* [WORK ORDER]
Output only the lines that run from the line holding "Beautiful autumn colours" to the end of the entries, both ends included, and skip the pictures.

* [MATERIAL PROVIDED]
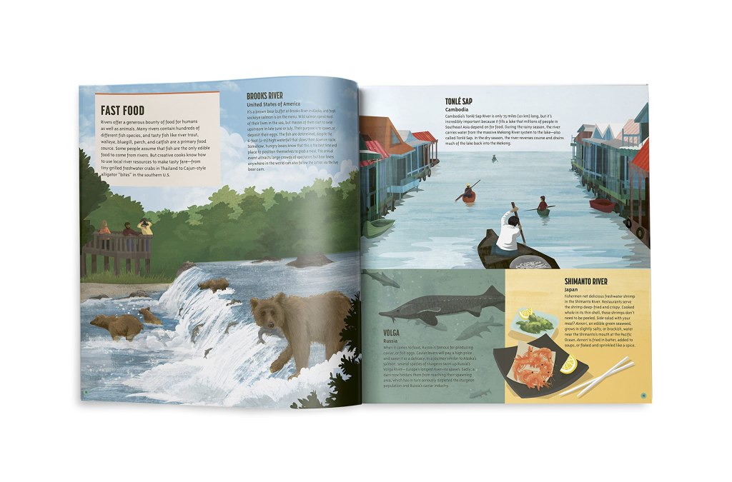 Knowing that children love nature and care passionately about their planet, I included two spreads that specifically address threats to rivers, such as pollution, climate change, overuse, and introduced species. But waterways everywhere are facing countless challenges, so I felt it necessary to establish an environmental thread that runs throughout the book. At the same time kids discover what’s awesome about rivers, they’re also reminded of threats to these precious resources.
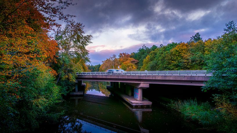 Beautiful autumn colours in this photo of a viaduct across the autumn forest. The photo was taken just after sunset because of this the clouds still glowed a little in a soft pink colour at the edge.
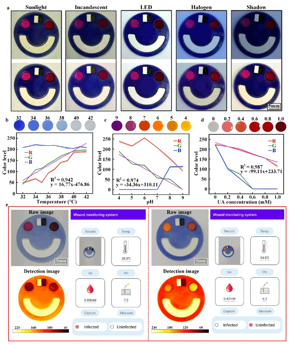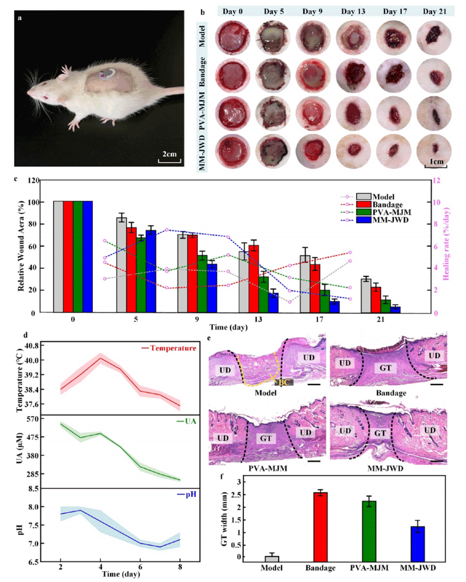 通过这些技术手段,MM-JWD能够实现对伤口pH、尿酸和温度的准确检测,为慢性伤口的监测和治疗提供科学依据。
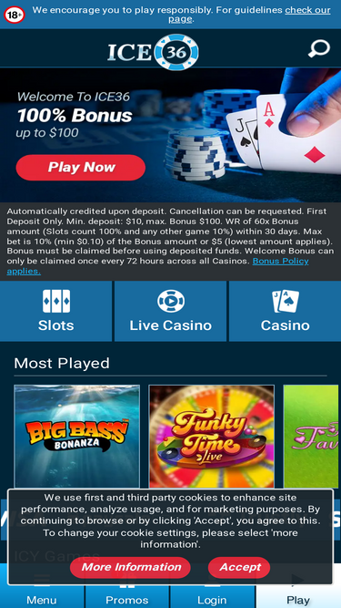 79%ICE36 accepts a number of payment methods to fund your online casino account. Have a look at the available options to deposit and withdraw money. 18+. Play Responsibly
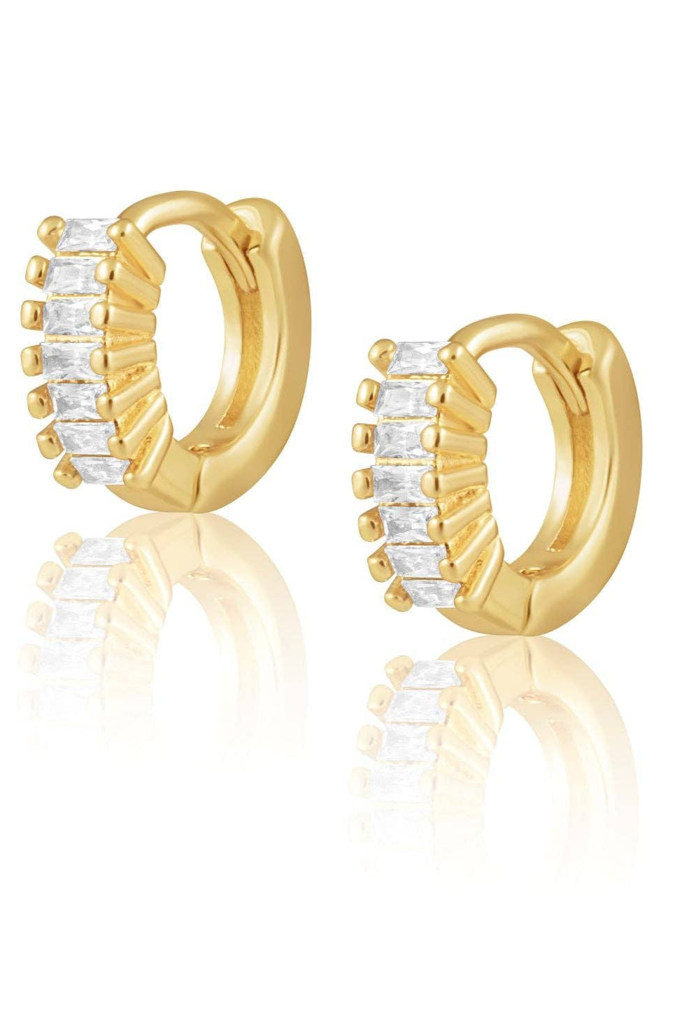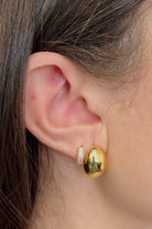 Feel glamourous when you wear our Viola Cz Huggie. The perfect earring for spicing up your outfit with a little bit of bling. Featuring stunning cz stones on 18k gold plating.

* [RESULT BELOW]
 Beautiful autumn colours in this photo of a viaduct across the autumn forest. The photo was taken just after sunset because of this the clouds still glowed a little in a soft pink colour at the edge.
 通过这些技术手段,MM-JWD能够实现对伤口pH、尿酸和温度的准确检测,为慢性伤口的监测和治疗提供科学依据。
 79%ICE36 accepts a number of payment methods to fund your online casino account. Have a look at the available options to deposit and withdraw money. 18+. Play Responsibly
 Feel glamourous when you wear our Viola Cz Huggie. The perfect earring for spicing up your outfit with a little bit of bling. Featuring stunning cz stones on 18k gold plating.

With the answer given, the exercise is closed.